What are the Post Incorporation Compliance of a Private Limited Company?
Simply getting a Certificate of Incorporation is not enough. Companies Act, 2013 lists various provisions that need to be complied with once Certificate of Incorporation is received by a Private Limited Company. Companies Act, 2013 has increased the number of compliances which a private limited company needs to perform mandatorily post incorporation.
Appointment of first auditor: The first compliance a company needs to do is appoint its first auditor as per Section 139(6) of Companies Act, 2013. The appointment is to be made by the Board of directors within 30 days of registration of the company. If they fail to do so, they shall inform the members of the company and they will make the appointment in an Extraordinary General Meeting (EGM) within the next 90 days. The first auditor shall hold office till the end of the 1st Annual General Meeting (AGM).
Disclosure of interest of directors: This was a new provision introduced by Companies Act, 2013. As per Section 184(1) of the Act, every director, whether new or existing, is required to disclose his interest to the company. The director shall disclose such information in his first Board meeting, first Board meeting of every financial year and in the next meeting whenever there is a change in any director’s disclosure. The company then needs to tell these interests to the registrar in form MGT14.

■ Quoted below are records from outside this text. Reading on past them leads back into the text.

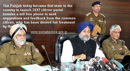 CHANDIGARH, DECEMBER 12: The Punjab today became first state in the country to launch 24X7 citizen portal besides a toll free phone to seek suggestions and feedback from the common citizen, who has been denied fair treatment by the police.
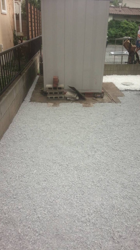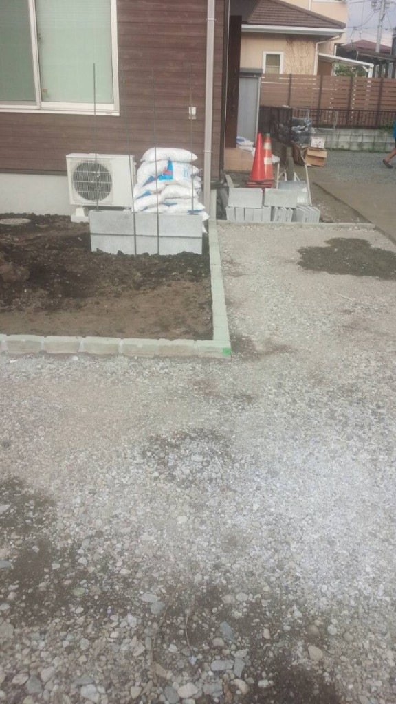 宇都宮市 N町 の目隠しフェンス柱埋め込み部掘削、砕石敷き、既存レンガ花壇解体の作業をしました。
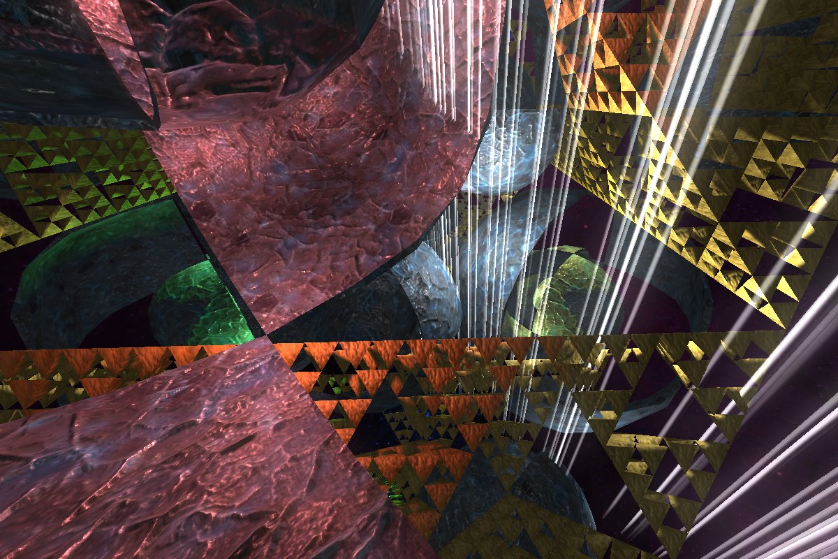 - Geometry: In this case, we have the sixth iteration of the fractal (4'096 tetrahedrons) and twenty 8-spheres placed in the empty volumes of the two coarsest grids. The larger spheres are hollow and contain the affinities.
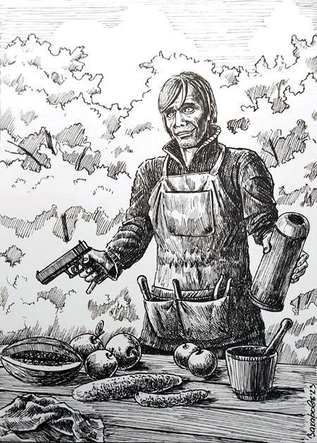 Человек, который рисует для Ника Перумова. Любит нуар и котиков. Разбирается в сортах и видах оружия, доспехов, авто-, пневмо- и электротранспорта. Знает, где должны быть выпуклости у женщин и впуклости у летающих блюдец. Анимирует живых и реанимирует зомби. На короткой руке со всеми художественными монстрами современности. А ещё:

Set up company’s registered office: As per Section 12 of the Act, a company needs to set up its registered office within 15 days of its date of incorporation. It also needs to inform the registrar about the registered office in form INC22 within 30 days of date of incorporation. If the provision is not complied with then the company needs to pay fine in form of additional fees.
Allotment of shares to MOA (Memorandum of Association) subscribers: Post incorporation a company needs to allot shares and share certificates to all the subscribers of MOA within 2 months of date of incorporation as per Section 56(4)(a) of the Act. To comply with this provision a company needs to open a bank account first.